ValkeyEmbeddingRetriever
This is an embedding Retriever compatible with the Valkey Document Store.
| Most common position in a pipeline | 1. After a Text Embedder and before a ChatPromptBuilder or PromptBuilder in a RAG pipeline 2. The last component in a semantic search pipeline 3. After a Text Embedder and before an ExtractiveReader in an extractive QA pipeline |
| Mandatory init variables | document_store: An instance of a ValkeyDocumentStore |
| Mandatory run variables | query_embedding: A list of floats |
| Output variables | documents: A list of documents |
| API reference | Valkey |
| GitHub link | https://github.com/deepset-ai/haystack-core-integrations/tree/main/integrations/valkey |
Overview
The ValkeyEmbeddingRetriever is an embedding-based Retriever compatible with the ValkeyDocumentStore. It compares the query and Document embeddings and fetches the Documents most relevant to the query from the ValkeyDocumentStore based on vector similarity.
Parameters
When using the ValkeyEmbeddingRetriever in your system, ensure the query and Document embeddings are available. You can do so by adding a Document embedder to your indexing pipeline and a text embedder to your query pipeline.
In addition to the query_embedding, the ValkeyEmbeddingRetriever accepts other optional parameters, including top_k (the maximum number of Documents to retrieve) and filters to narrow down the search space.
Usage
Installation
To start using Valkey with Haystack, install the package with:
On its own
This Retriever needs an instance of ValkeyDocumentStore and indexed Documents to run.
from haystack_integrations.document_stores.valkey import ValkeyDocumentStore
from haystack_integrations.components.retrievers.valkey import ValkeyEmbeddingRetriever
document_store = ValkeyDocumentStore(
nodes_list=[("localhost", 6379)],
index_name="my_documents",
embedding_dim=768,
distance_metric="cosine",
)
retriever = ValkeyEmbeddingRetriever(document_store=document_store)

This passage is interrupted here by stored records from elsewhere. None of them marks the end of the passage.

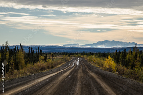 Dempster Highway in fall from the middle of the road. with Mountains in the distance, Open Road Adventure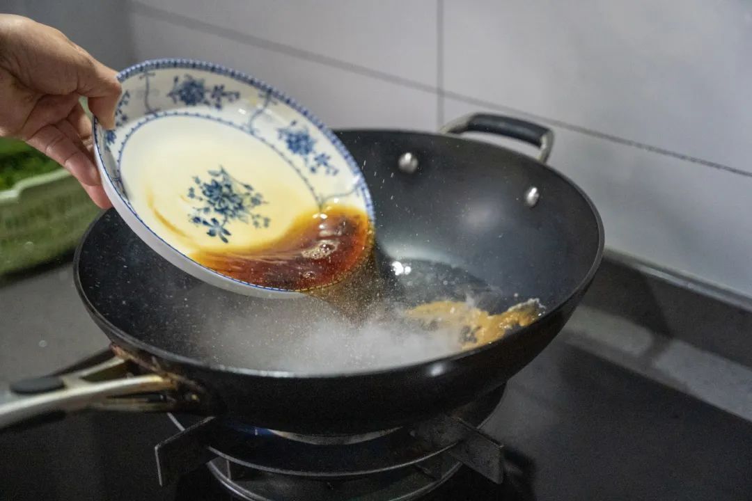 当油温升高,微微冒烟时,倒入我们精心调制的酱汁。随着酱汁与热油的相遇,一股香气瞬间弥漫开来,让人垂涎欲滴。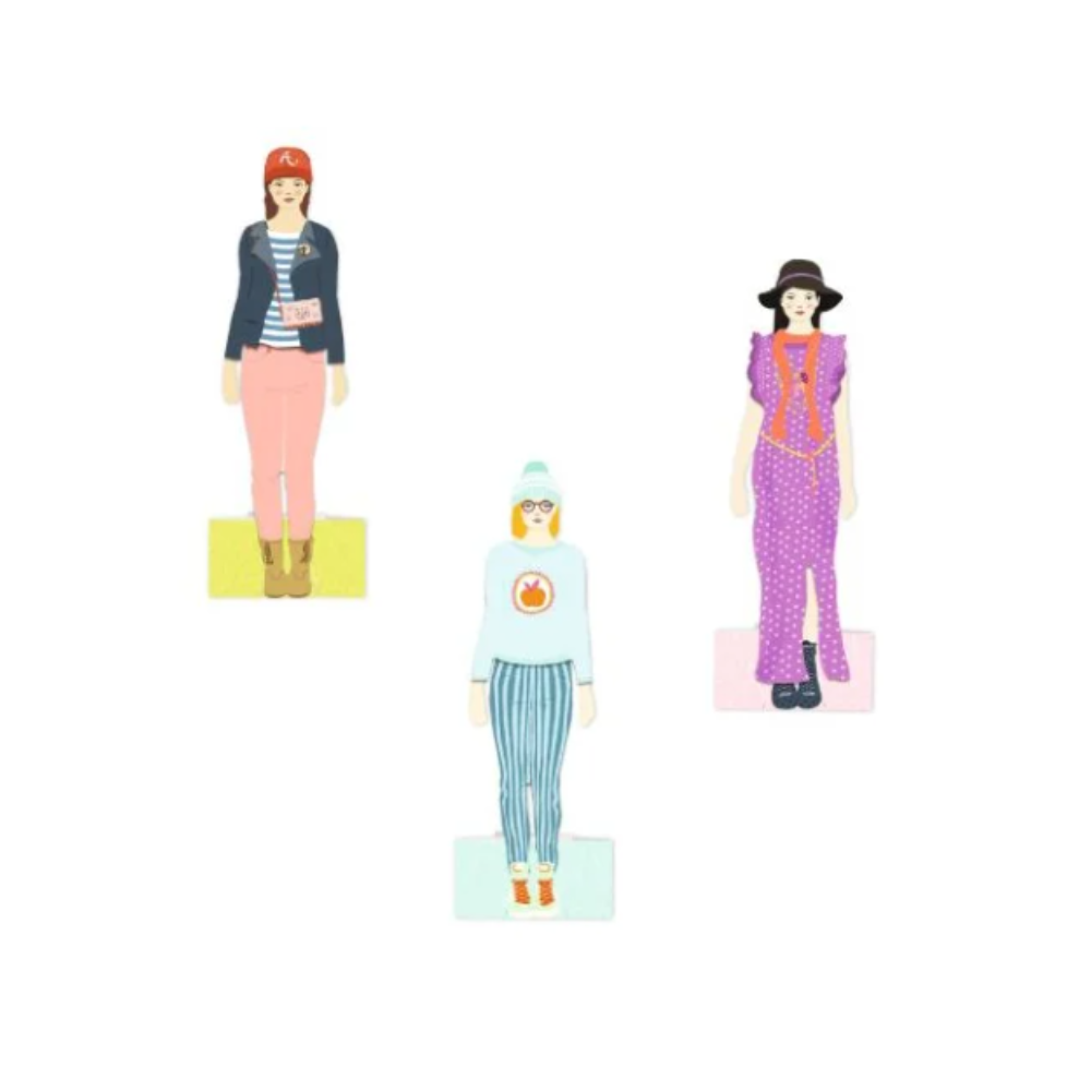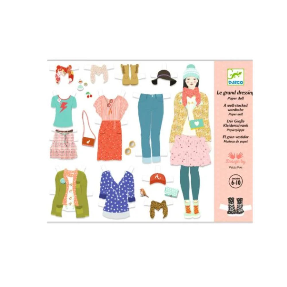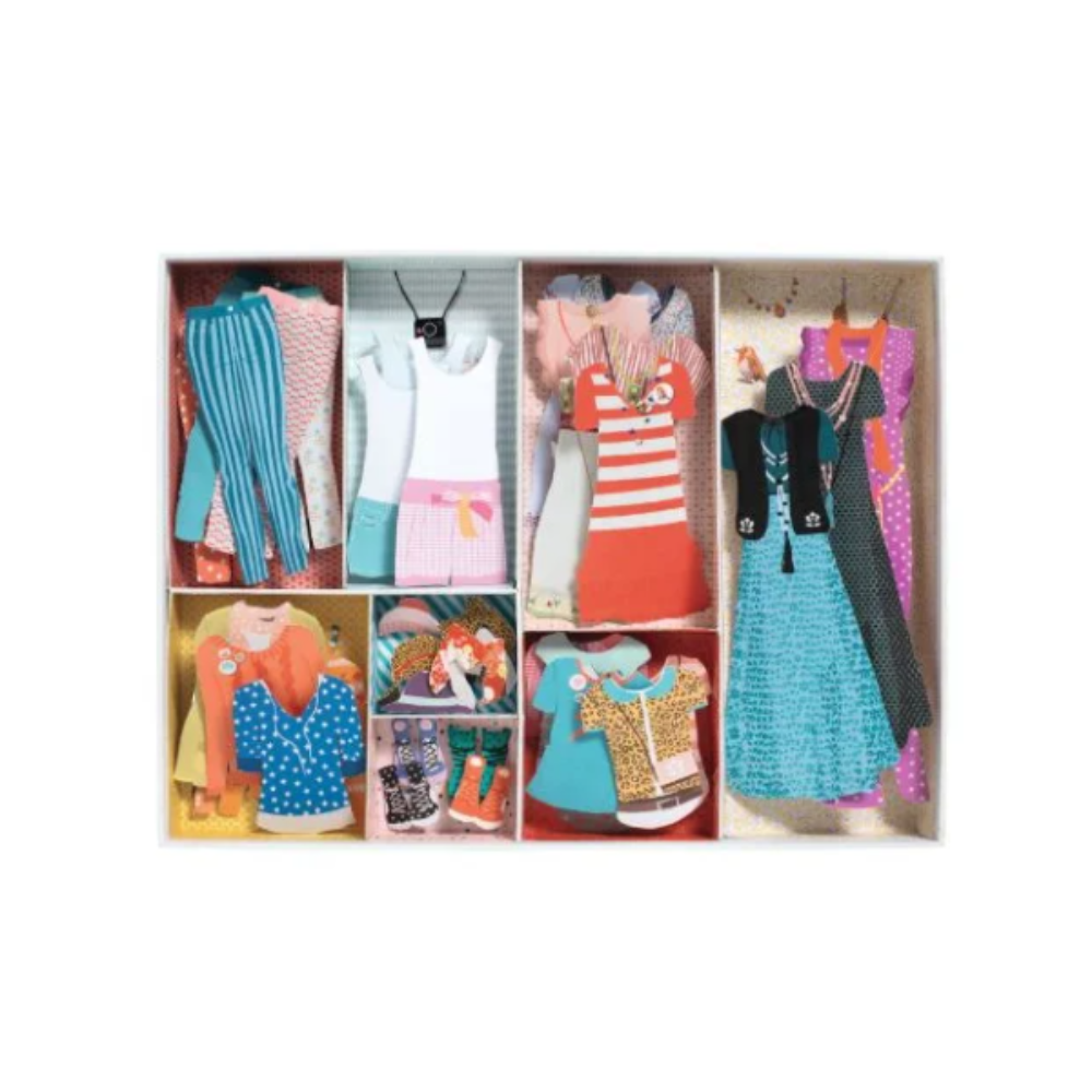 O Quarto de Vestir da marca Djeco é um encantador conjunto de bonecas de papel com roupas e acessórios destacáveis, que convida as crianças a mergulharem no universo da moda e da imaginação. Cada combinação é uma nova criação — basta destacar as peças e inventar diferentes estilos, misturando cores, formas e tendências.

# Using a fake vector to keep the example simple
retriever.run(query_embedding=[0.1] * 768)
In a Pipeline
from haystack import Document, Pipeline
from haystack.components.embedders import (
SentenceTransformersDocumentEmbedder,
SentenceTransformersTextEmbedder,
)
from haystack.components.writers import DocumentWriter
from haystack_integrations.document_stores.valkey import ValkeyDocumentStore
from haystack_integrations.components.retrievers.valkey import ValkeyEmbeddingRetriever
document_store = ValkeyDocumentStore(
nodes_list=[("localhost", 6379)],
index_name="my_documents",
embedding_dim=768,
distance_metric="cosine",
)
documents = [
Document(content="There are over 7,000 languages spoken around the world today."),
Document(
content="Elephants have been observed to behave in a way that indicates a high level of self-awareness, such as recognizing themselves in mirrors.",
),
Document(
content="In certain parts of the world, like the Maldives, Puerto Rico, and San Diego, you can witness the phenomenon of bioluminescent waves.",
),
]
indexing = Pipeline()
indexing.add_component("embedder", SentenceTransformersDocumentEmbedder())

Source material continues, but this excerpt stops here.